It shows up today not in politics, but in markets.
If a bankrupt group of merchants, farmers, immigrants, and aristocrats could fund a continental rebellion with no assets, then a modern nation with a $26 trillion GDP and a thousand safety nets can survive whatever comes next.
We aren’t weak.
We aren’t collapsing.
We aren’t doomed.
We are simply out of practice when it comes to courage.
But investors haven’t forgotten (AI build)
Traders haven’t forgotten (Look at the Future market)
Builders haven’t forgotten (We are all in this category from family to life)
Because every time you buy, every time you accumulate, every time you hold through panic, you’re reenacting the most American act of all:
You’re risking something today for a future you may never fully enjoy.
That’s belief.
That’s sacrifice.
That’s the American spirit, the real inheritance.
And it’s still here.
Waiting for the next person to do something before jumping is something the Europeans are good at, but not over on these hallowed shores.

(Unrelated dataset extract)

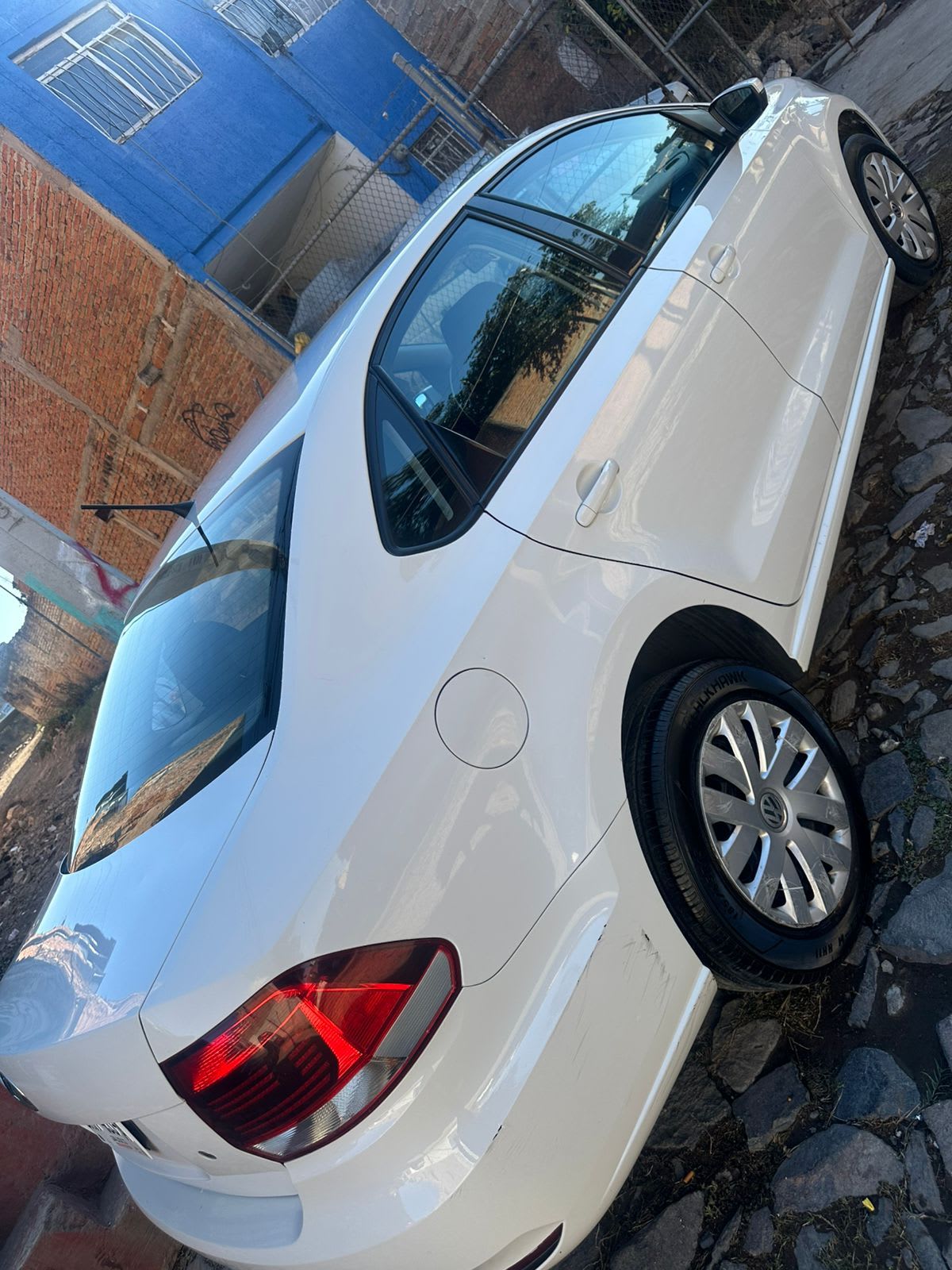 Se vende Volkswagen Vento 2017 en color blanco. El vehículo está en buen estado general, con algunos rasguños visibles en la parte delantera y trasera. Tiene un motor en buen funcionamiento y cuenta con llantas nuevas. Ideal para uso diario y en buenas condiciones para la ciudad

No. We get marked for death, like John Hancock, the wealthiest merchant in Boston, who stepped up anyway, took the gavel as first President of the Continental Congress, and then signed his name so large and bold that King George could read it across the Atlantic without spectacles.
He practically drew a bullseye on his own chest and doubled the bounty on his head with one flourish of ink. That’s the American move.
Not waiting for consensus.
Not waiting for permission.
Not waiting for a risk committee or a Fed statement or a 401(k) match.
Just pure, unhedged, “come and take me” conviction.
That spirit didn’t die in 1776.
It’s still with us. But you must release the beast.
Seize the Day,
Eric



This took a turn that I wasn't expecting, but it's a great comparison. Take the risk if you believe in something.
Conviction and courage are sorely lacking today...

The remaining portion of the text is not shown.